Moreover, an automatic query to the knowledgebase for protein identification was integrated with functional annotations. Among the 117 proteins uniquely identified by COPaKB, 92 proteins (79%) had a Gene Ontology annotation of the mitochondrion as their primary subcellular location (Fig. 4A). 74 out of the 92 mitochondrial proteins (80%) were involved in metabolism, 3 were involved in transport, and 4 were involved in apoptosis. Furthermore, 199 protein expression images (among the 261 identified proteins) were available in HPA and were automatically retrieved (Fig. 4C). According to peer-reviewed publications, 49 of the 261 proteins were involved in the processes of cardiac pathogenesis.
Performance efficiency of COPaKB workflow
A reliable delivery of Omics-scale information requires robust web portals. The traditional web-based data transfer protocol is limited by its ability to effectively transfer data within a defined time frame (e.g. 60 minutes). To overcome this challenge, a COPaKB Client program was engineered to implement a SOAP-assisted workflow (Fig. 3). Its performance efficiency was benchmarked against that of the traditional HTTP-assisted workflow by participating investigators from six test centers (Table 3 & Table SI). In all these tests, large-scale data files were reliably and consistently delivered by the COPaKB Client. In a load test, the COPaKB server was able to process 50 simultaneous search requests without compromising its reliability.
Table 3.
Test Dataset* | Centers† | SOAP (mm:ss)‡ | HTTP (mm:ss)§ | Terminal Bandwidth‖ |
---|---|---|---|---|
Human Mitochondria (LTQ-Orbitrap) 12,197 scans 1.34 GB (mzML file) | Los Angeles, CA | 1:28 | 3:56 | 100 Mbps |
San Diego, CA | 2:53 | 21:12 | 1 Gbps | |
Woods Hole, MA | 5:56 | 29:12 | 130 Mbps | |
Ann Arbor, MI | 2:45 | 59:22 | 144 Mbps | |
Cambridge, UK | 8:27 | 46:42 | 1 Gbps | |
Shanghai, CN | 18:25 | 53:48 | 100 Mbps | |
Mouse Proteasomes (LTQ-Orbitrap) 17,746 scans 1.88 GB (mzML file) | Los Angeles, CA | 1:17 | 4:05 | 100 Mbps |
San Diego, CA | 5:45 | 30:24 | 1 Gbps | |
Woods Hole, MA | 26:45 | 45:46 | 130 Mbps | |
Ann Arbor, MI | 4:18 | >60 | 144 Mbps | |
Cambridge, UK | 14:01 | 57:21 | 1 Gbps | |
Shanghai, CN | 13:01 | >60 | 100 Mbps | |
Human Mitochondria (LTQ-XL) 20,677 scans 292 MB (mzML file) | Los Angeles, CA | 5:35 | 6:05 | 100 Mbps |
San Diego, CA | 14:37 | 7:45 | 1 Gbps | |
Woods Hole, MA | 22:21 | 10:43 | 130 Mbps | |
Ann Arbor, MI | 11:15 | 16:08 | 144 Mbps | |
Cambridge, UK | 28:31 | 12:48 | 1 Gbps | |
Shanghai, CN | 23:10 | 12:22 | 100 Mbps | |
Human Proteasomes (LTQ-XL) 20,736 scans 249 MB (mzML file) | Los Angeles, CA | 2:56 | 3:00 | 100 Mbps |
San Diego, CA | 9:09 | 5:11 | 1 Gbps | |
Woods Hole, MA | 13:05 | 7:02 | 130 Mbps | |
Ann Arbor, MI | 6:52 | 13:01 | 144 Mbps | |
Cambridge, UK | 28:21 | 10:40 | 1 Gbps | |
Shanghai, CN | 12:00 | 8:53 | 100 Mbps |
The source and size of each test file.
The location of the six test center.
The time needed for completing an analysis via a SOAP portal.
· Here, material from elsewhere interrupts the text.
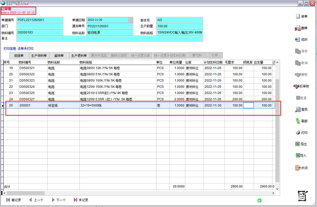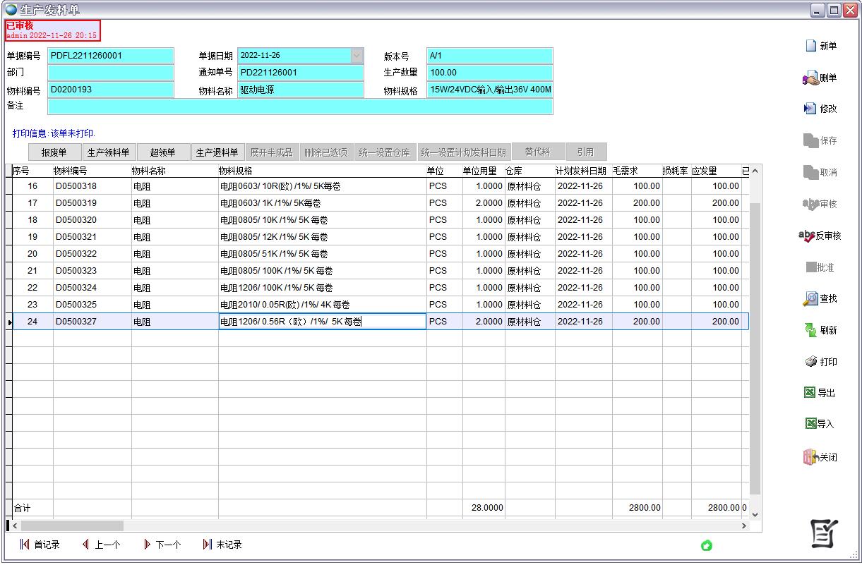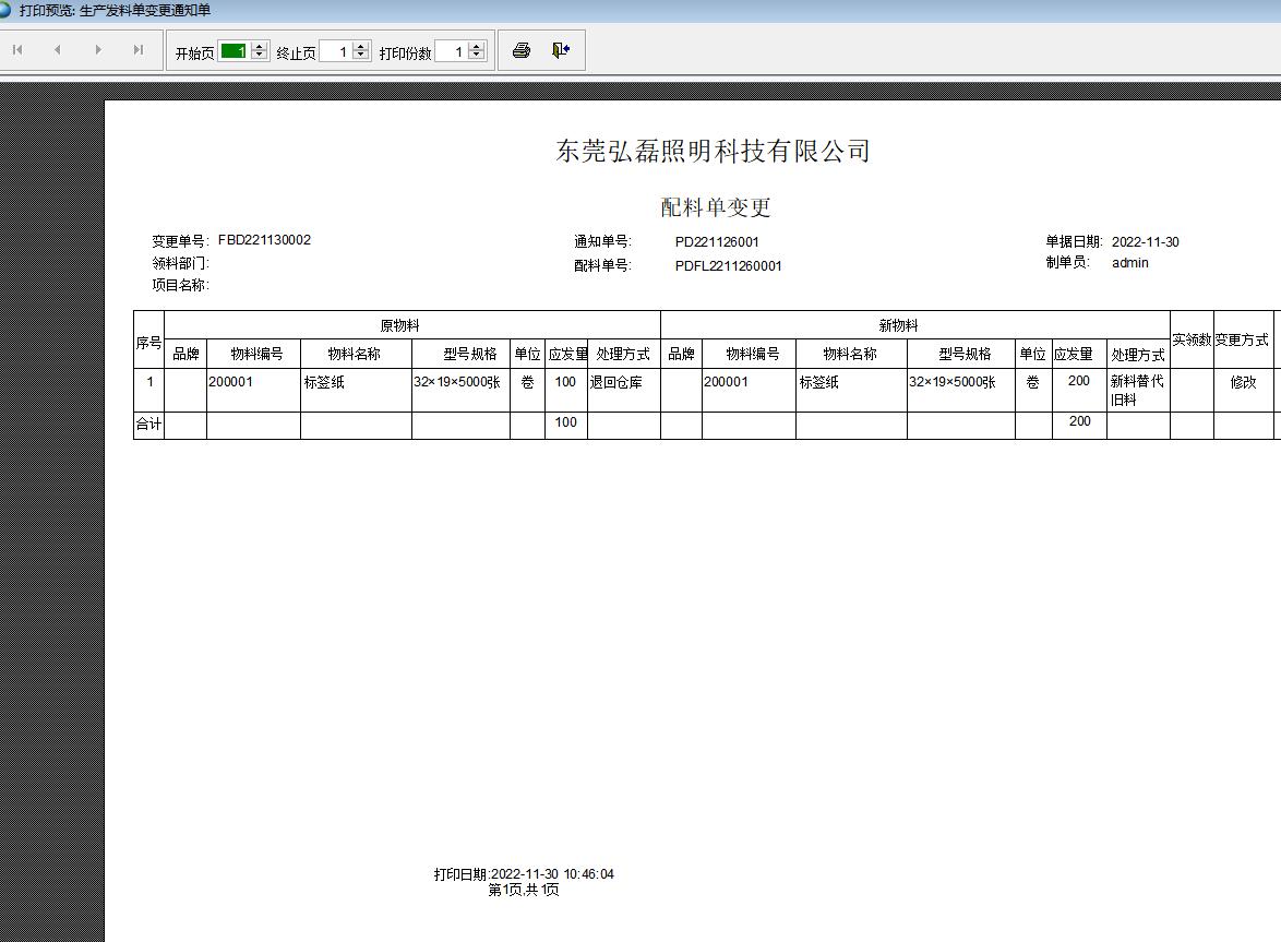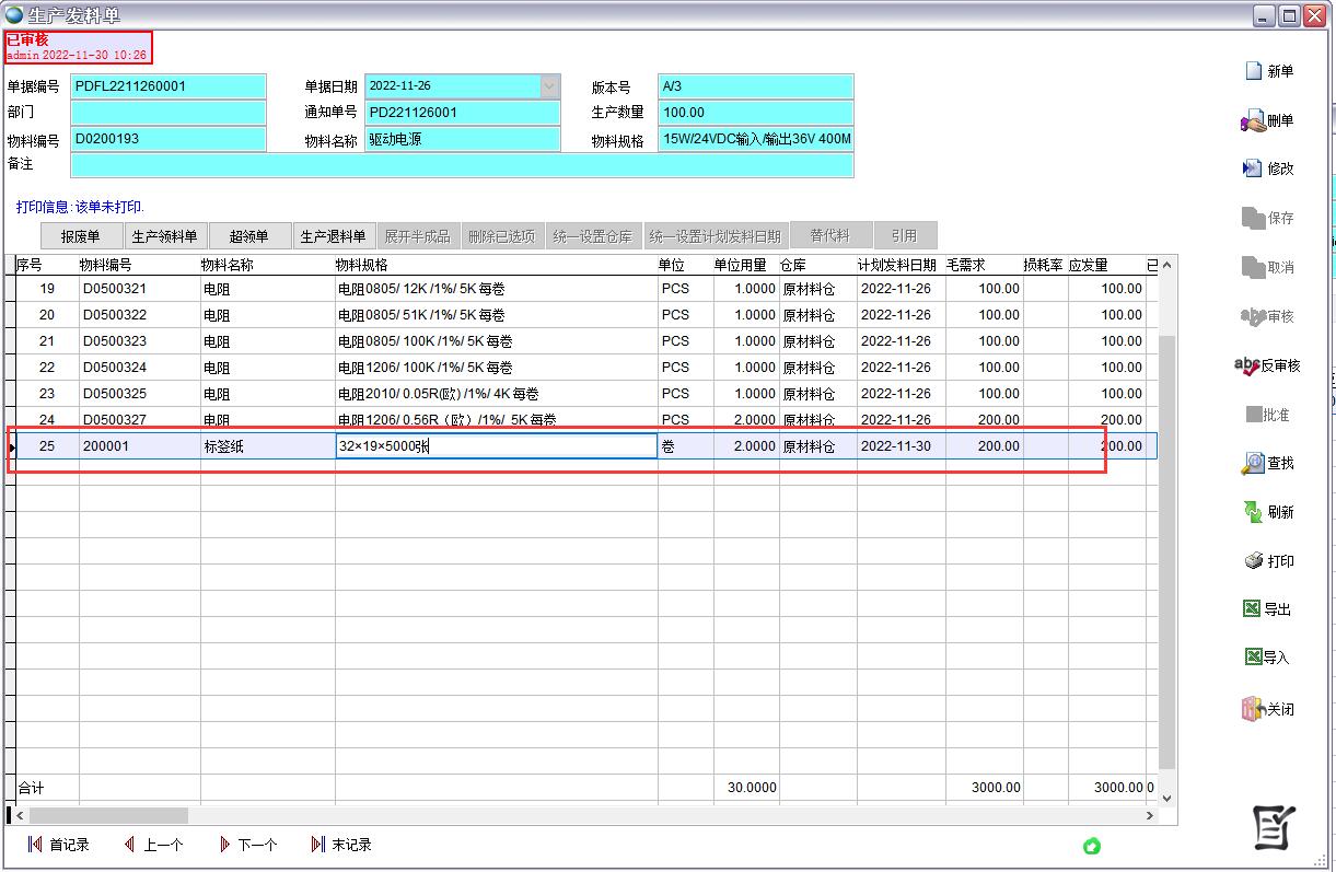 3、變更后的生產發料單,版本號自動變為A2 修改變更 1、變更前的生產發料單,版本是A2版 2、新建生產發料單變更通知單 還是這個物料,數量100改為200 3、變更后的生產發料單,版本自動變為A3版 刪除變更 1、變更前的生產發料單 2、新建變更單 3、變更后的生產發料單 打印 發料單變更后可以把變更單打印下發倉庫,打印格式用戶可以自行修改 相關知識 生產發料單

The time needed for completing an analysis via a HTTP portal.
The internet bandwidth available at each test center.
The analytical efficiency of the COPaKB-supported search engine was also benchmarked against that of the SEQUEST. Analysis using COPaKB requires an extra time to upload the data onto the knowledgebase server. Despite the required extra time, the COPaKB-supported workflow completed the analyses faster than that performed by the SEQUEST-supported workflow. This test was repeated on a PC and on a computing cluster of moderate size (7 nodes) (Table 4). This enhanced efficiency of COPaKB workflow is accomplished by a condensed search space within the mass spectral library, a simplified spectral matching algorithm, a strategy of selecting only MS2 spectra for web-based protein identification, and the integration of the SOAP protocol.
Table 4.
Test Dataset* | SEQUEST (min)† | COPaKB Client (min)‡ | ||||
---|---|---|---|---|---|---|
PC | Head Node |
Cluster 7 Nodes |
Cluster 13 Nodes |
PC | Head Node | |
Human Mitochondria (LTQ-Orbitrap) | 21:40 | 16:39 | 1:14 | 0:45 | 1:35 | 0:57 |
Mouse Proteasomes (LTQ-Orbitrap) | 21:49 | 19:32 | 1:15 | 0:44 | 2:24 | 1:15 |
Human Mitochondria (LTQ-XL) | 286:00 | 277:00 | 12:54 | 0:29 | 5:05 | 2:13 |
Human Proteasomes (LTQ-XL) | 263:00 | 259:00 | 11:57 | 0:23 | 2:39 | 2:09 |
The source of each test file.
The time needed for completing an analysis by SEQUEST (BioWork).
The time needed for completing an analysis by COPaKB Client.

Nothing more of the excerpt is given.